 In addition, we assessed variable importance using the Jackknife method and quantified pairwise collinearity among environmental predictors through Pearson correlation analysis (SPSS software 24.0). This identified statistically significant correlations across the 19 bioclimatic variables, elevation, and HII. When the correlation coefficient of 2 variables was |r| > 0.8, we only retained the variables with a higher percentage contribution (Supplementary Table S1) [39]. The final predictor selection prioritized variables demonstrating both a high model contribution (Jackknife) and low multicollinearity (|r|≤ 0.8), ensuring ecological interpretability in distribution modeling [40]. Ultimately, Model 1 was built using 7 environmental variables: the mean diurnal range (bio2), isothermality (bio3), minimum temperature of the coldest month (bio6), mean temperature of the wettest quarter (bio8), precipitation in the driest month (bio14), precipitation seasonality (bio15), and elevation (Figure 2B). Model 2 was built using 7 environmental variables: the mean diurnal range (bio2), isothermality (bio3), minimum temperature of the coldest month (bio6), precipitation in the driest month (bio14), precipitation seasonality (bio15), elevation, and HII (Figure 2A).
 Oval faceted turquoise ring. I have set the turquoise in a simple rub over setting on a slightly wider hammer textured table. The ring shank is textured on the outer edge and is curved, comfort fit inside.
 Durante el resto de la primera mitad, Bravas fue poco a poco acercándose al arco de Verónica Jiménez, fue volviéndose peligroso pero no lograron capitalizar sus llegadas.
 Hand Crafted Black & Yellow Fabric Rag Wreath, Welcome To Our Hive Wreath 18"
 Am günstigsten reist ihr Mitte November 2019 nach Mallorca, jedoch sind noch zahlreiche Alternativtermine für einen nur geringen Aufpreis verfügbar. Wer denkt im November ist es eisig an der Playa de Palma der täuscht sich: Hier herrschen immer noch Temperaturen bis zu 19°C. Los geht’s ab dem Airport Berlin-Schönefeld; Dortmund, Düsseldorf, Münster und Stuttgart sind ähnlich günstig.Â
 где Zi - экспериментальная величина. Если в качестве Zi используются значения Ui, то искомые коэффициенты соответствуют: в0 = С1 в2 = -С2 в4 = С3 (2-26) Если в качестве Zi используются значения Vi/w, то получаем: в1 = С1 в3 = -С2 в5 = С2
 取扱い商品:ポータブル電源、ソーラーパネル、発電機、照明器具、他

════════════════

--- Directions ---
In full and without alteration, retype the entries above.

--- Task solution ---
 In addition, we assessed variable importance using the Jackknife method and quantified pairwise collinearity among environmental predictors through Pearson correlation analysis (SPSS software 24.0). This identified statistically significant correlations across the 19 bioclimatic variables, elevation, and HII. When the correlation coefficient of 2 variables was |r| > 0.8, we only retained the variables with a higher percentage contribution (Supplementary Table S1) [39]. The final predictor selection prioritized variables demonstrating both a high model contribution (Jackknife) and low multicollinearity (|r|≤ 0.8), ensuring ecological interpretability in distribution modeling [40]. Ultimately, Model 1 was built using 7 environmental variables: the mean diurnal range (bio2), isothermality (bio3), minimum temperature of the coldest month (bio6), mean temperature of the wettest quarter (bio8), precipitation in the driest month (bio14), precipitation seasonality (bio15), and elevation (Figure 2B). Model 2 was built using 7 environmental variables: the mean diurnal range (bio2), isothermality (bio3), minimum temperature of the coldest month (bio6), precipitation in the driest month (bio14), precipitation seasonality (bio15), elevation, and HII (Figure 2A).
 Oval faceted turquoise ring. I have set the turquoise in a simple rub over setting on a slightly wider hammer textured table. The ring shank is textured on the outer edge and is curved, comfort fit inside.
 Durante el resto de la primera mitad, Bravas fue poco a poco acercándose al arco de Verónica Jiménez, fue volviéndose peligroso pero no lograron capitalizar sus llegadas.
 Hand Crafted Black & Yellow Fabric Rag Wreath, Welcome To Our Hive Wreath 18"
 Am günstigsten reist ihr Mitte November 2019 nach Mallorca, jedoch sind noch zahlreiche Alternativtermine für einen nur geringen Aufpreis verfügbar. Wer denkt im November ist es eisig an der Playa de Palma der täuscht sich: Hier herrschen immer noch Temperaturen bis zu 19°C. Los geht’s ab dem Airport Berlin-Schönefeld; Dortmund, Düsseldorf, Münster und Stuttgart sind ähnlich günstig.Â
 где Zi - экспериментальная величина. Если в качестве Zi используются значения Ui, то искомые коэффициенты соответствуют: в0 = С1 в2 = -С2 в4 = С3 (2-26) Если в качестве Zi используются значения Vi/w, то получаем: в1 = С1 в3 = -С2 в5 = С2
 取扱い商品:ポータブル電源、ソーラーパネル、発電機、照明器具、他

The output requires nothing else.